Posting to NGC4LIB

Alexander Johannesen wrote:

On Tue, Apr 20, 2010 at 23:02, Lundgren,Jimmie Harrell
<> wrote:
> Oh, please!

Not sure what to make of that response. MARBI is suppose to pursue the wonderfulness of MARC, no? Where is the framework I’m talking about? Or even the idea of a framework rather than a few scruffy scripts? The mind boggles.

Besides, I’ve talked about the absolute EVIL of MARC before, a timely reminder for this discussion ;

Thanks for pointing to your blog posting, but I do have some problems. You write:

“<datafield tag=”245″ ind1=”1″ ind2=”0”>
<subfield code=”a”>Arithmetic /</subfield>

I’ll translate what this does for you;


The MARC tag 245 means “title statement”, and the code “a” means, uh, title. This perticular madness comes from the culture of MARC itself which I’ll rant about some other time (and have in the past), so I’ll try to stick to the pure XML part of it.”

This isn’t entirely true. 245$a means “title proper,” which is a technical term that catalogers use. You can find the guidelines for it in the ISBD at 1.1 Title Proper:
where you find several paragraphs defining it, stating what is and is not a title proper, and what is and is not included in it. Certainly non-specialists will find its meaning almost impossible to understand without a lot of additional work, and at difficult moments, catalogers themselves must return to this definition. Practically all parts of the bibliographic record are defined in these extremely precise ways. This is no different from how any other standard works in any endeavor. For example, without a lot of effort I cannot understand the standards for roofing materials or the requirements to be able to label a certain food as “Chocolate” (apparently, the standards for chocolate are more rigorous here in Italy than in other countries).

So, when a non-specialist says “title” it does not mean the same as when a specialist says “title,” who immediately differentiates it in many ways and encodes it in the 245 field, one of which is the “title proper” which goes into the 245$a. So, in contrast to the others on this list who say that ISBD is a problem, I will say that the library world in very lucky in this respect because of the tremendous work done by our predecessors to create truly international standards based on the ISBD. Are they followed perfectly by everybody? Of course not.

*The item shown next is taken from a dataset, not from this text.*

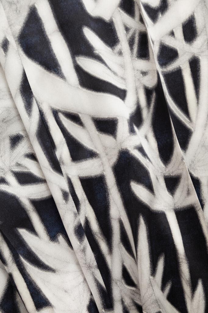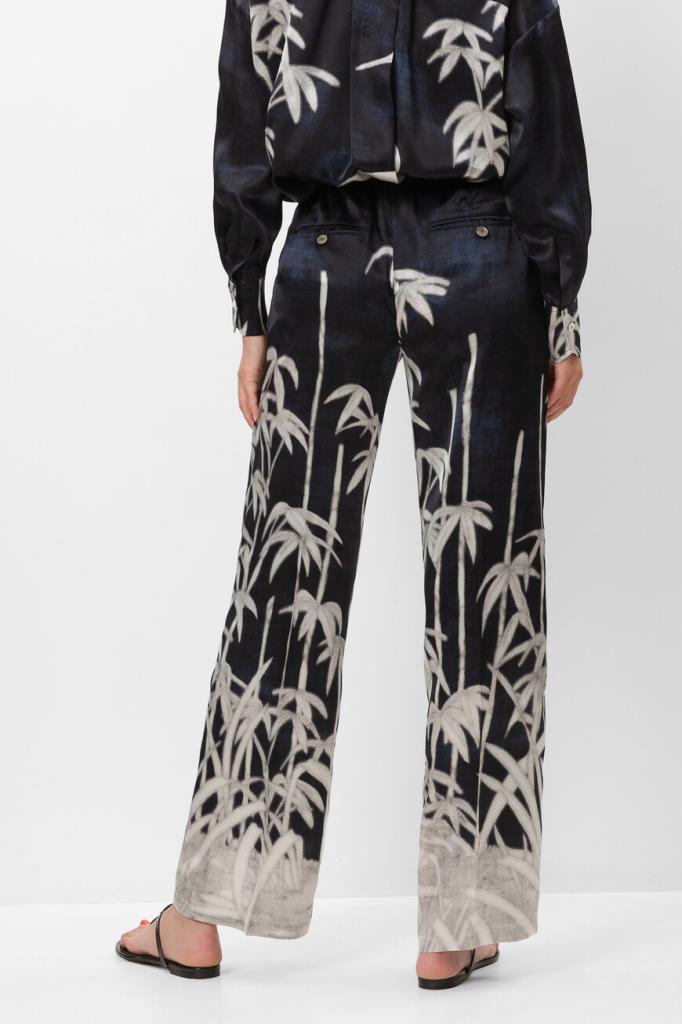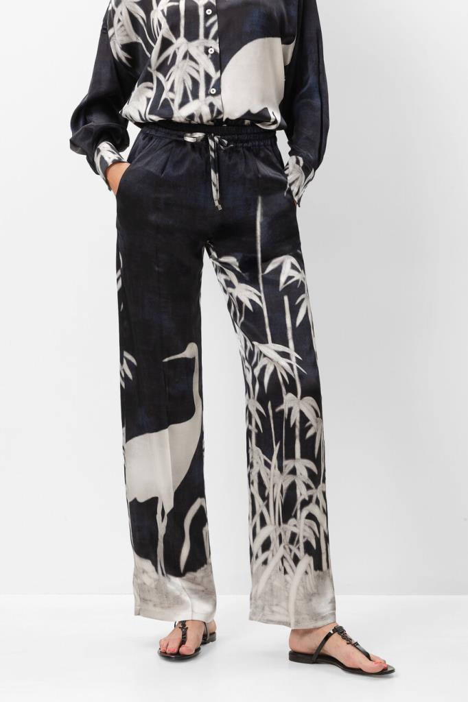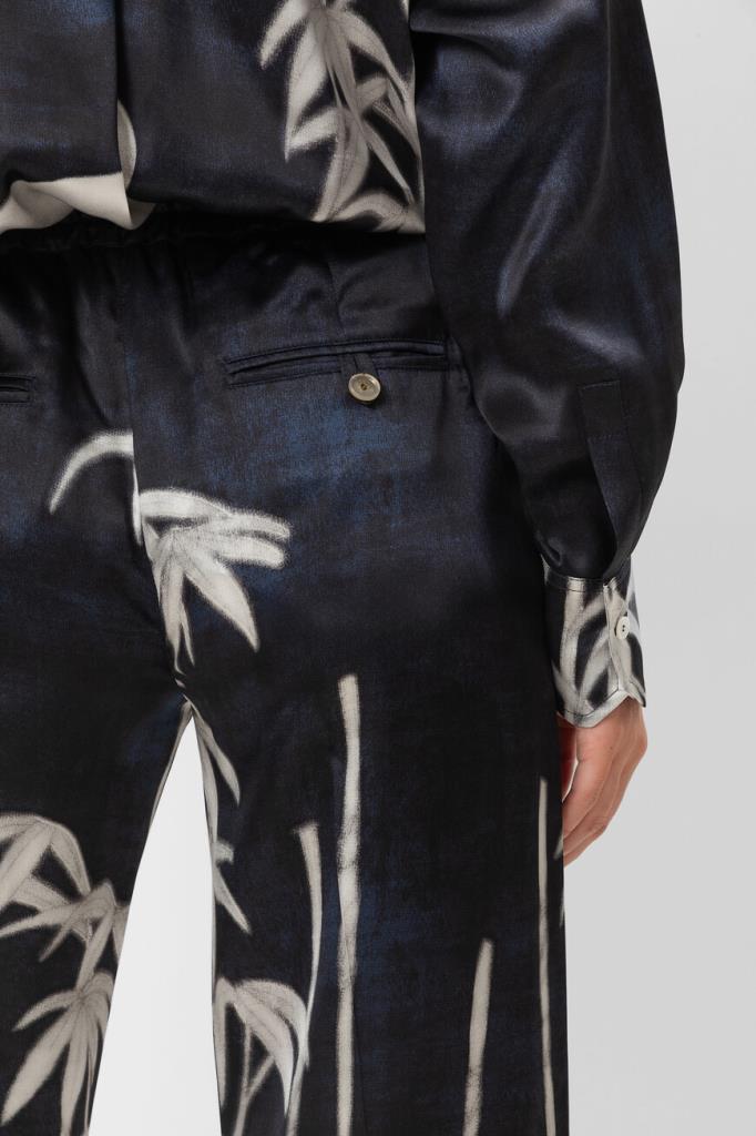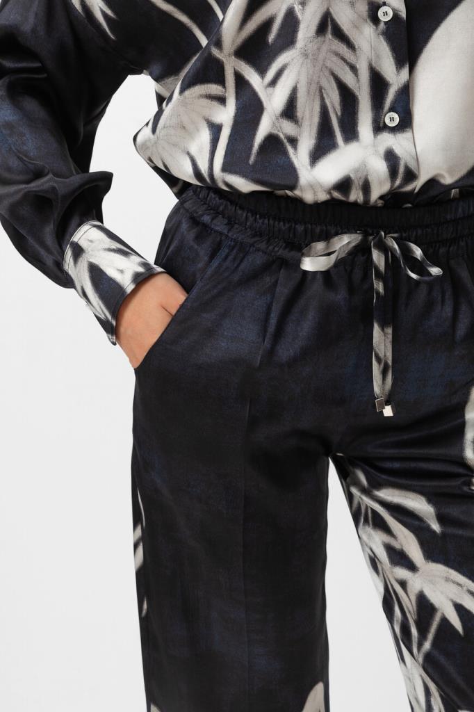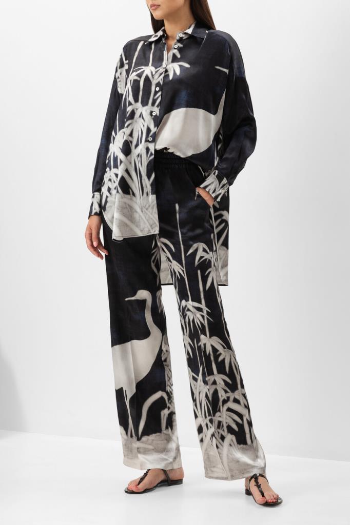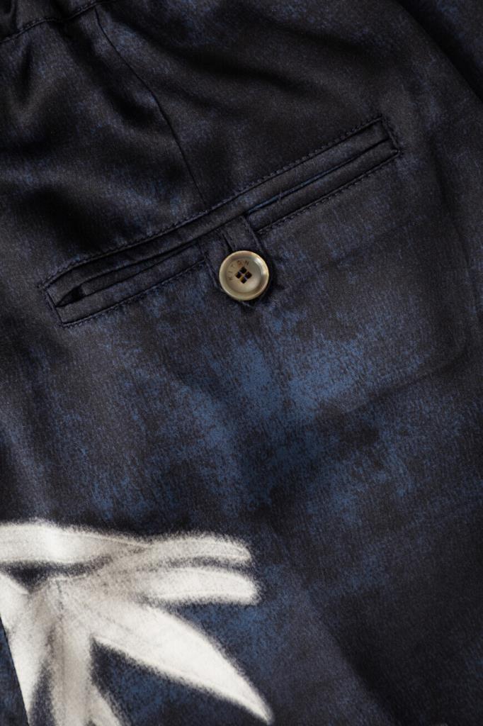 Тёмно-синие брюки Kiton с растительным принтом и изображением журавля. Изделие сшито из мягкого гладкого шёлка. Этот деликатный материал слегка охлаждает кожу, сохраняя комфорт даже в жаркий день. Отрегулировать посадку вещи на талии поможет длинный шнурок, продетый в широкий эластичный пояс-кулиску. Дополните образ шелковой рубашкой с ассиметричным низом из той же коллекции.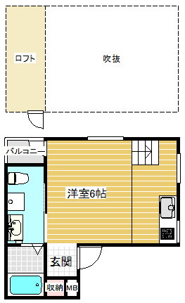 | 間取り | 1K(洋6 ロフト 6) | 築年月(築年数) | 2012年6月(築13年7ヶ月) |

The non-specialist may justifiably ask why titles are treated in such a seemingly arcane manner, but then would get entangled in a myriad of intricacies, just as would happen if I would ask why a certain standard exists for roofing materials. As a short answer to the title question, in addition to ensuring the correct identification of a specific item, these guidelines exist for some older reasons as well, such as filing order in the card catalog, so that, e.g.:
“War and peace : the definitive edition”
“War and peace in the nuclear age”
are not interfiled.

I expect to get tomatoes hurled at me for pointing this out, but nevertheless, it is questionable whether people browse titles today as they did in the old days, and to be honest, every computer catalog I have used interfiles it anyway, along with all kinds of other strange interfiling practices. While this has often driven me crazy, the public has never seemed to notice it. So, perhaps this reason is no longer justified, but there are still plenty of other important reasons for retaining the title proper so it should certainly be retained.

This is why I say that specialist catalogers must be involved in these matters. We can’t expect programmers to undertake a deep study of these bibliographic intricacies, just as I mentioned in an earlier post that a specialist cataloger can only become at best a semi-competent programmer.

While I believe things need to change and simplify (which is not the direction of RDA, IMHO) it must be done with a clear understanding of what we have now, what could be gained and what would be lost. This is beyond the abilities of any one person or even one community of specialists. There is nothing wrong with this; it is just the way the world works.